Recorded information:
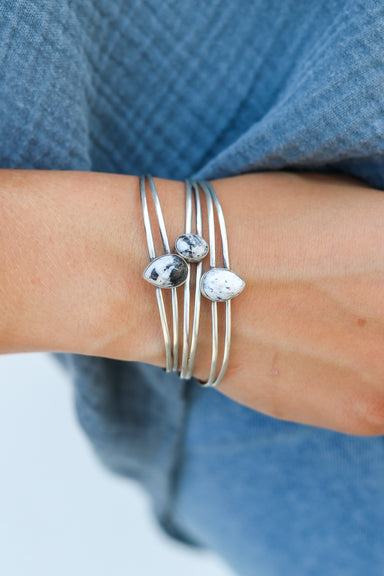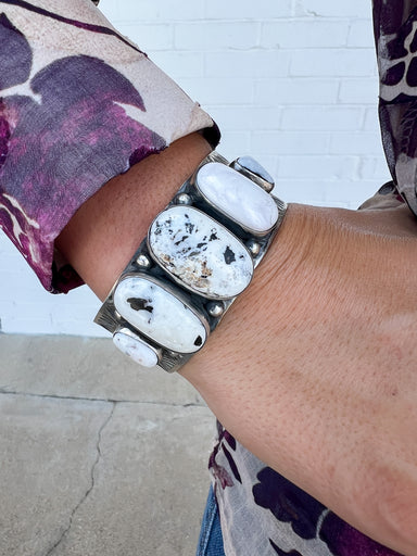 Stamped by the artist "A", has some adjustability, measure at 6 1/2 inches around, includes 5 White Buffalo stones and silver detailing.
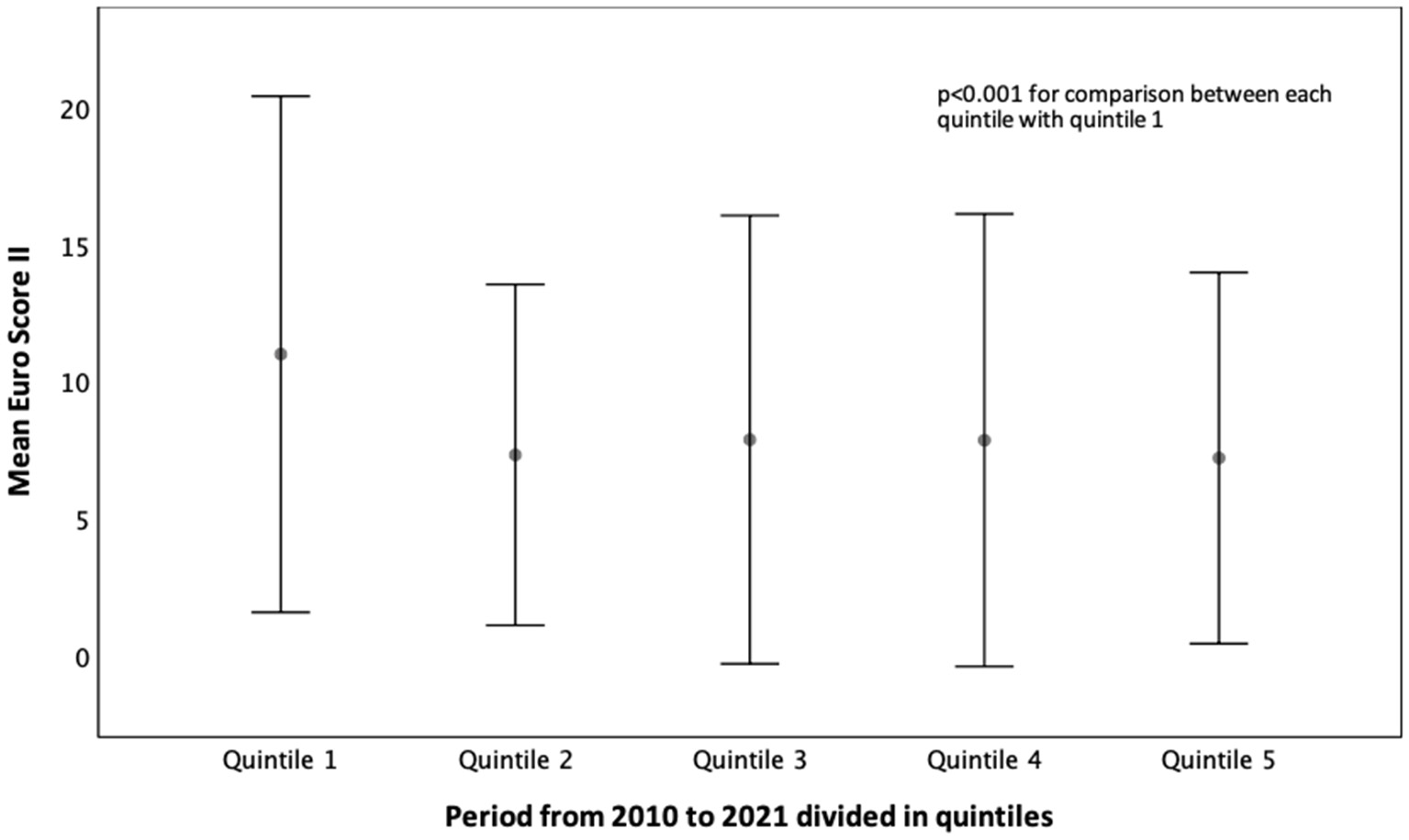 Continuous variables were presented as mean ± SD and were compared by the Student's t-test for variables that showed normal distribution. The Kruskal–Wallis test was used for the comparison of continuous variables that did not show normal distribution. Differences in proportions were compared by the χ2 test or Fischer's exact test as appropriate. All patients were divided into quintiles to determine possible differences in the demographic and clinical characteristics and short-term outcomes of patients over the last 10 years. Continuous variables in quintiles were compared by the ANOVA, as they showed normal distribution using the Kolmogorov–Smirnov test. Troponin T and N-terminal prohormone of brain natriuretic peptide (NT-pro-BNP) did not initially show normal distribution. Therefore, a logarithmic transformation was performed. Tukey's Honestly Significant Difference (HSD) post-hoc analysis was used for the comparison between different quintiles. The p-value <0.05 was considered statistically significant.
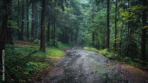 Obraz premium Forest path photo , Raining in forest , Serene forest scene , Peaceful forest...
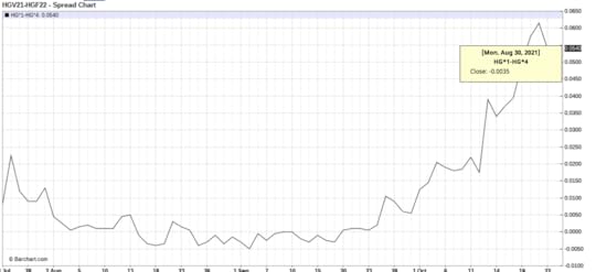 Backwardation on COMEX copper has also jumped recently. Here’s the October 21-January 22 spread(HGV1-HGF2).
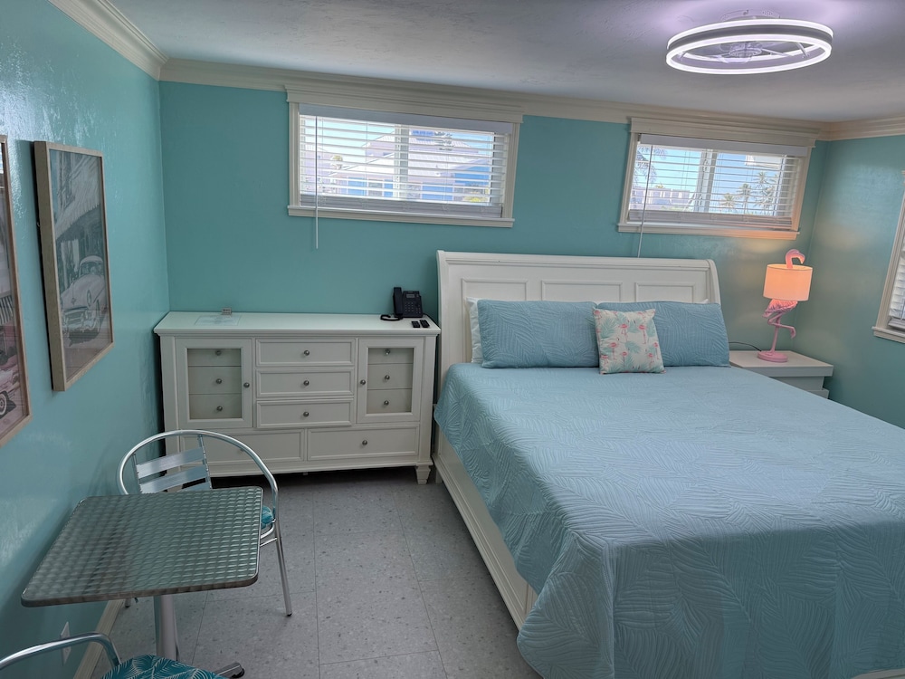 Met een verblijf bij Flamingo Inn in Fort Myers Beach, in de buurt Mid Island, bevind je je op 4 min. rijden van Estero Boulevard Beach en op 13 min. van Bonita Springs Public Beach. Dit appartement ligt op 7,7 km van Key West Express en op 13,9 km van Barefoot Beach. Doe of je thuis bent in één van de 12 individueel gedecoreerde kamers met een magnetron en een smart-tv. Dankzij gratis wifi blijf je online, terwijl de tv met digitale zenders zorgt voor het kijkplezier. Badkamers hebben een douche en haardrogers. Voorzieningen zijn bijvoorbeeld een koffiezetapparaat/waterkoker, een plafondventilator en een telefoon met gratis lokale gesprekken. Afstanden worden weergegeven tot op 0,1 mijl en kilometer.
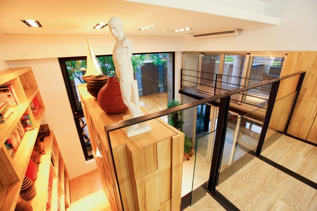 客廳轉角的廊道,不僅結合書房進行雙面櫃設計,更將家庭的生活照片轉化成最佳的藝術擺飾,提升整體質感之餘,也為空間注入濃濃的人情味。
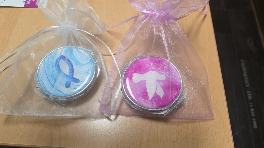 Rosenkranz in Pink und Blau zur Erstkommunion
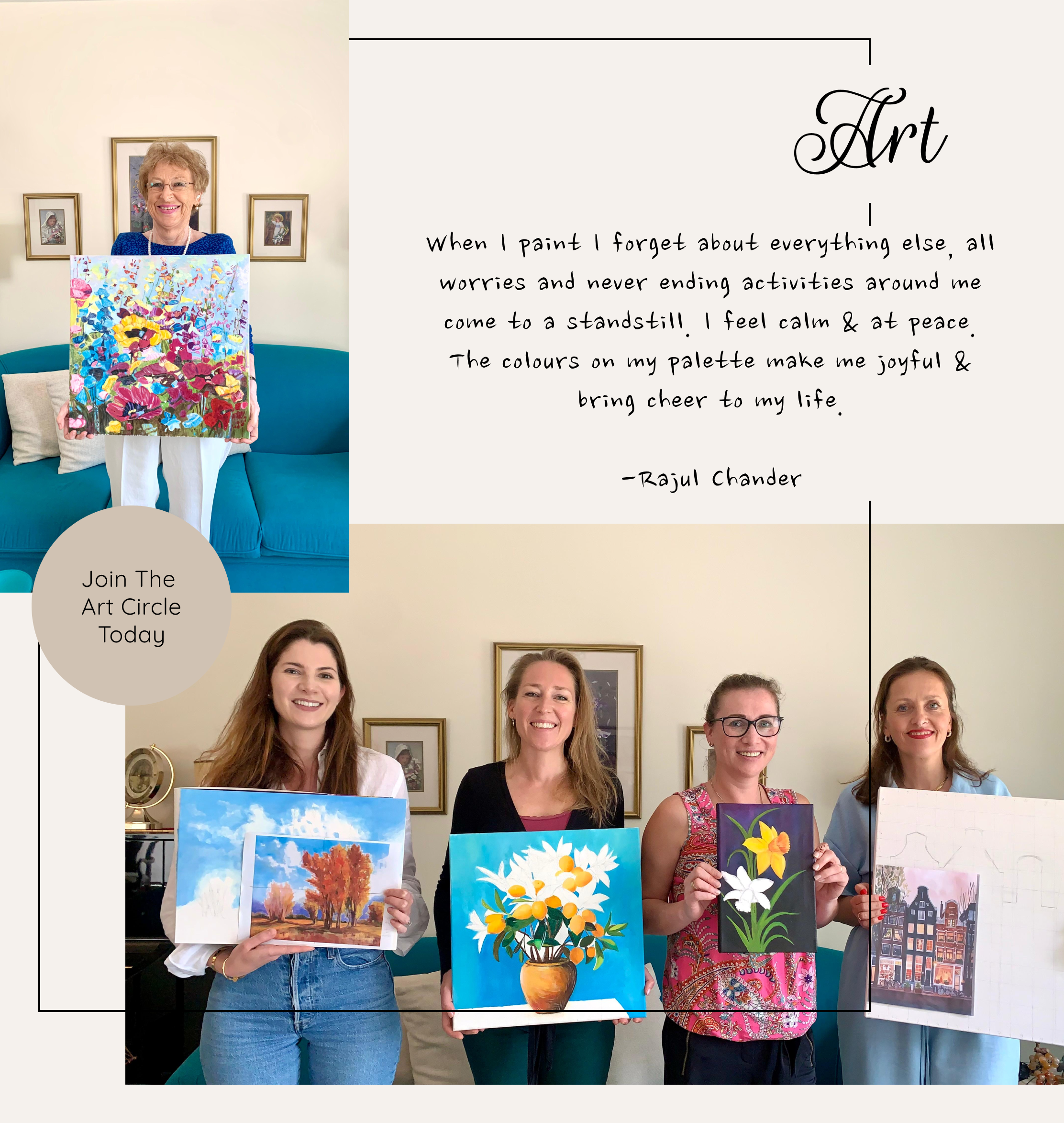 Ladies in the Art circle are working on varied themes making some beautiful paintings. If you like painting, do come and join our Circle. The Art Circle Art circle, led by Rajul, on meet on Mondays (Beginners) and Thursdays (Regular students) from 10:00 am to 12:00 pm in Arabian Ranches 1.
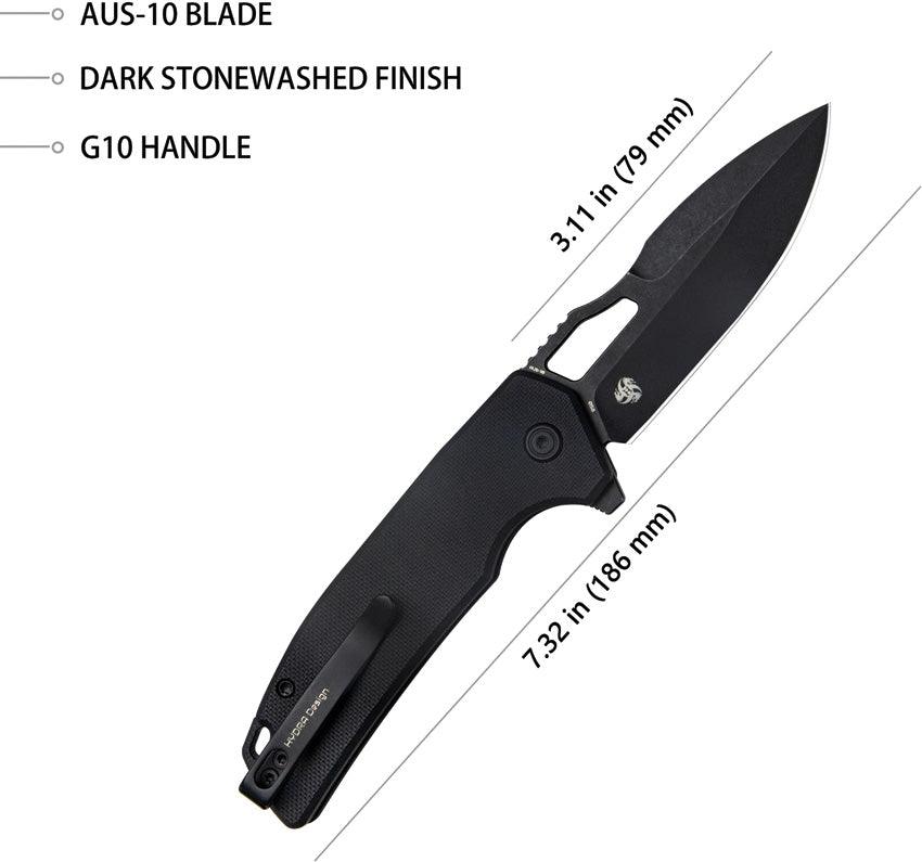 4.25" (10.8cm) closed. 3.13" (7.95cm) black stonewash finish AUS-10A stainless blade. Black G10 handle. Thumb pull. Extended tang. Lanyard hole. Pocket clip. Boxed.
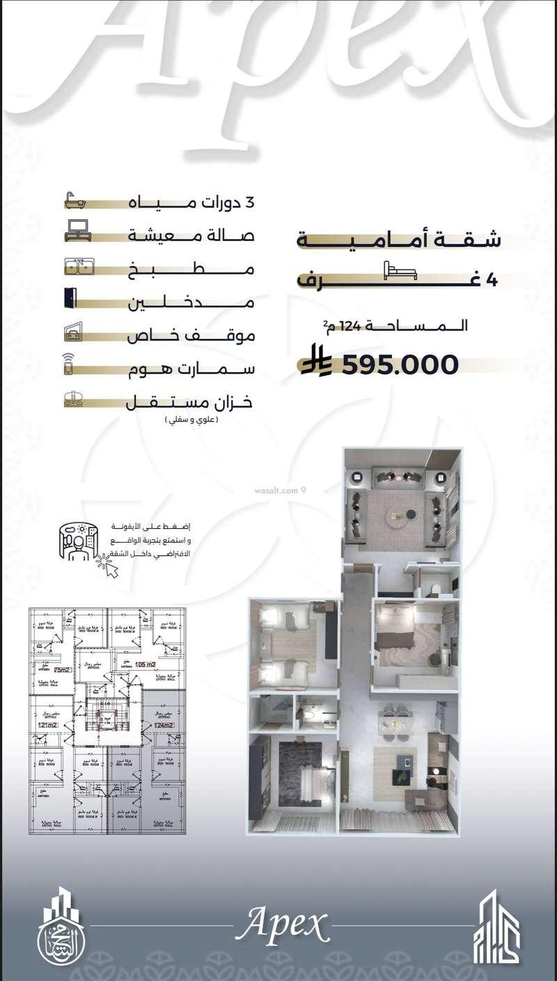 •. 4 غرف أمامية  |124م² |⁠- 595,000 ريال
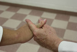 This series of pictures shows the little-finger figure-4 brace in various positions, using both your left hand and your right hand. [I personally prefer my right.] It probably works best with right to right hand and left to left hand. What is important is that your digit closest to your opponent's hand presses down as your second digit serves as a base. It almost works like a jutte. As long as you can maintain the pressure you can move the opponent's hand [and thus his body] as you wish up or down. You will need to "play" with this technique to get the right feel so as to be able to maintain adequate pressure on the attacker's little finger [a figure-4 lock] to control the attacker's upward and downward movement. The complete technique can be found on pp. 171-175 of Jujitsu FIgure-4 Locks.
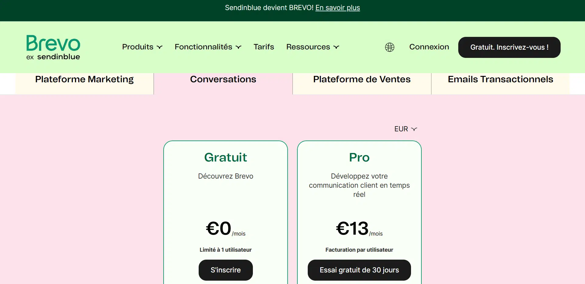 Le module de conversations de Brevo se découpe en 2 offres distinctes :
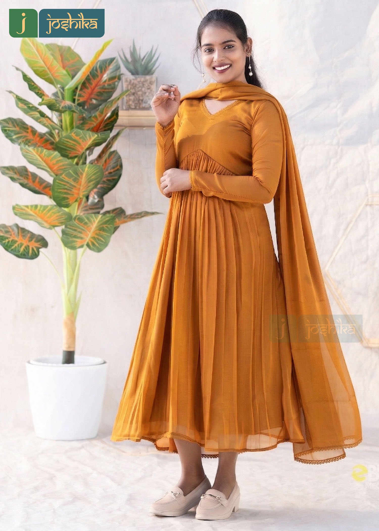 ELEGANT GEORGETTE ALIYACUT KURTA WITH DUPATTA AND LACE DETAIL

Work to complete:
Reproduce the complete set of records verbatim and omit the pictures.

Solved problem:
 Stamped by the artist "A", has some adjustability, measure at 6 1/2 inches around, includes 5 White Buffalo stones and silver detailing.
 Continuous variables were presented as mean ± SD and were compared by the Student's t-test for variables that showed normal distribution. The Kruskal–Wallis test was used for the comparison of continuous variables that did not show normal distribution. Differences in proportions were compared by the χ2 test or Fischer's exact test as appropriate. All patients were divided into quintiles to determine possible differences in the demographic and clinical characteristics and short-term outcomes of patients over the last 10 years. Continuous variables in quintiles were compared by the ANOVA, as they showed normal distribution using the Kolmogorov–Smirnov test. Troponin T and N-terminal prohormone of brain natriuretic peptide (NT-pro-BNP) did not initially show normal distribution. Therefore, a logarithmic transformation was performed. Tukey's Honestly Significant Difference (HSD) post-hoc analysis was used for the comparison between different quintiles. The p-value <0.05 was considered statistically significant.
 Obraz premium Forest path photo , Raining in forest , Serene forest scene , Peaceful forest...
 Backwardation on COMEX copper has also jumped recently. Here’s the October 21-January 22 spread(HGV1-HGF2).
 Met een verblijf bij Flamingo Inn in Fort Myers Beach, in de buurt Mid Island, bevind je je op 4 min. rijden van Estero Boulevard Beach en op 13 min. van Bonita Springs Public Beach. Dit appartement ligt op 7,7 km van Key West Express en op 13,9 km van Barefoot Beach. Doe of je thuis bent in één van de 12 individueel gedecoreerde kamers met een magnetron en een smart-tv. Dankzij gratis wifi blijf je online, terwijl de tv met digitale zenders zorgt voor het kijkplezier. Badkamers hebben een douche en haardrogers. Voorzieningen zijn bijvoorbeeld een koffiezetapparaat/waterkoker, een plafondventilator en een telefoon met gratis lokale gesprekken. Afstanden worden weergegeven tot op 0,1 mijl en kilometer.
 客廳轉角的廊道,不僅結合書房進行雙面櫃設計,更將家庭的生活照片轉化成最佳的藝術擺飾,提升整體質感之餘,也為空間注入濃濃的人情味。
 Rosenkranz in Pink und Blau zur Erstkommunion
 Ladies in the Art circle are working on varied themes making some beautiful paintings. If you like painting, do come and join our Circle. The Art Circle Art circle, led by Rajul, on meet on Mondays (Beginners) and Thursdays (Regular students) from 10:00 am to 12:00 pm in Arabian Ranches 1.
 4.25" (10.8cm) closed. 3.13" (7.95cm) black stonewash finish AUS-10A stainless blade. Black G10 handle. Thumb pull. Extended tang. Lanyard hole. Pocket clip. Boxed.
 •. 4 غرف أمامية  |124م² |⁠- 595,000 ريال
 This series of pictures shows the little-finger figure-4 brace in various positions, using both your left hand and your right hand. [I personally prefer my right.] It probably works best with right to right hand and left to left hand. What is important is that your digit closest to your opponent's hand presses down as your second digit serves as a base. It almost works like a jutte. As long as you can maintain the pressure you can move the opponent's hand [and thus his body] as you wish up or down. You will need to "play" with this technique to get the right feel so as to be able to maintain adequate pressure on the attacker's little finger [a figure-4 lock] to control the attacker's upward and downward movement. The complete technique can be found on pp. 171-175 of Jujitsu FIgure-4 Locks.
 Le module de conversations de Brevo se découpe en 2 offres distinctes :
 ELEGANT GEORGETTE ALIYACUT KURTA WITH DUPATTA AND LACE DETAIL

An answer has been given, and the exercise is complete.